### TASK INSTRUCTIONS
Within the entries below, output exactly the lines between the line containing "For information about" and the line containing "Figure 1: A", inclusive, and omit any picture.

### TASK MATERIAL
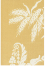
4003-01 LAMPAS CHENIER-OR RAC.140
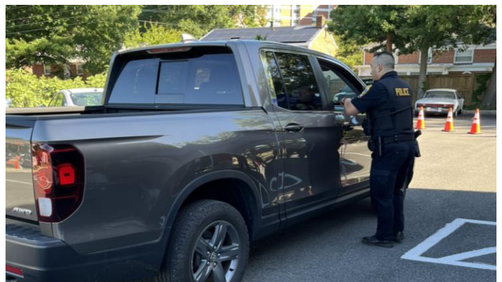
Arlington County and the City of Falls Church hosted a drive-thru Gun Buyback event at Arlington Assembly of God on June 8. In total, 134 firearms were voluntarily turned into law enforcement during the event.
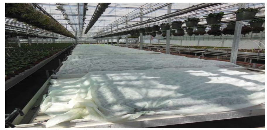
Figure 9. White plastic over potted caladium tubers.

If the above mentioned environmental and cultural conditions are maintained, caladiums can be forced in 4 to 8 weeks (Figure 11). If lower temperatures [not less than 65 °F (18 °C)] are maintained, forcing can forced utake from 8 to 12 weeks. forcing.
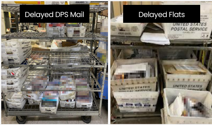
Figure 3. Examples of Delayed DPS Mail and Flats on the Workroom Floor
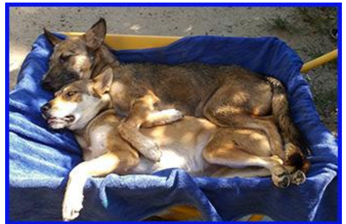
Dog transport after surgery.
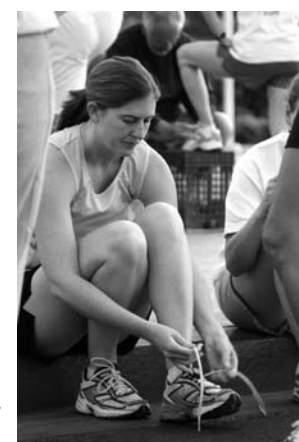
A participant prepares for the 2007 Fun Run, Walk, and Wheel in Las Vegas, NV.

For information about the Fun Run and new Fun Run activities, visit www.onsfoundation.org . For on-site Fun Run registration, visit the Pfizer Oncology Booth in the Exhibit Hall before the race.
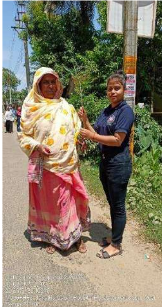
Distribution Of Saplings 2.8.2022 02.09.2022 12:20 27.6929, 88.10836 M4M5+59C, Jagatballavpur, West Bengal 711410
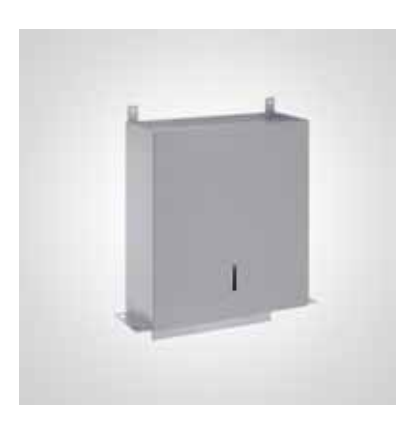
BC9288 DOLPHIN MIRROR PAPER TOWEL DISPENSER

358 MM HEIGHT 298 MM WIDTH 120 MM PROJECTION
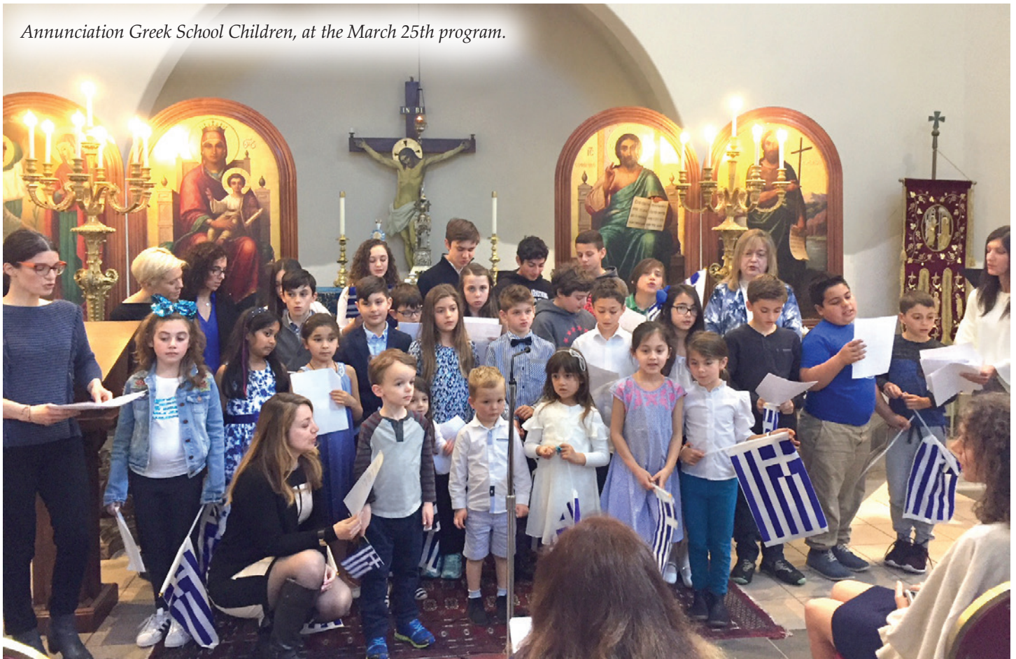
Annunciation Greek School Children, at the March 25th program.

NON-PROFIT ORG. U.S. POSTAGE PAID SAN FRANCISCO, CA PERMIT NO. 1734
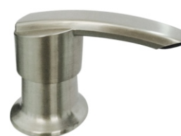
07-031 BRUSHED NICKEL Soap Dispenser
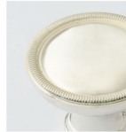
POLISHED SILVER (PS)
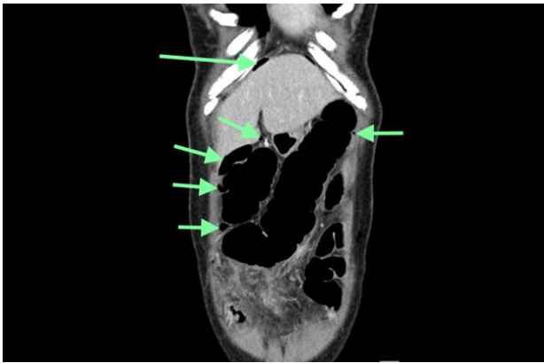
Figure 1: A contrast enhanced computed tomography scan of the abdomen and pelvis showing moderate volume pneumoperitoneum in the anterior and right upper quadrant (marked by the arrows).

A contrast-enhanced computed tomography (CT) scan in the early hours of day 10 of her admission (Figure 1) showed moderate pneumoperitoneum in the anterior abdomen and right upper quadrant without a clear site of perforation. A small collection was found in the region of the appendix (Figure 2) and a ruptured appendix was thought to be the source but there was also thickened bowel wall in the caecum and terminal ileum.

### RESULT OF THE TASK
For information about the Fun Run and new Fun Run activities, visit www.onsfoundation.org . For on-site Fun Run registration, visit the Pfizer Oncology Booth in the Exhibit Hall before the race.
Distribution Of Saplings 2.8.2022 02.09.2022 12:20 27.6929, 88.10836 M4M5+59C, Jagatballavpur, West Bengal 711410
BC9288 DOLPHIN MIRROR PAPER TOWEL DISPENSER

358 MM HEIGHT 298 MM WIDTH 120 MM PROJECTION
Annunciation Greek School Children, at the March 25th program.

NON-PROFIT ORG. U.S. POSTAGE PAID SAN FRANCISCO, CA PERMIT NO. 1734
07-031 BRUSHED NICKEL Soap Dispenser
POLISHED SILVER (PS)
Figure 1: A contrast enhanced computed tomography scan of the abdomen and pelvis showing moderate volume pneumoperitoneum in the anterior and right upper quadrant (marked by the arrows).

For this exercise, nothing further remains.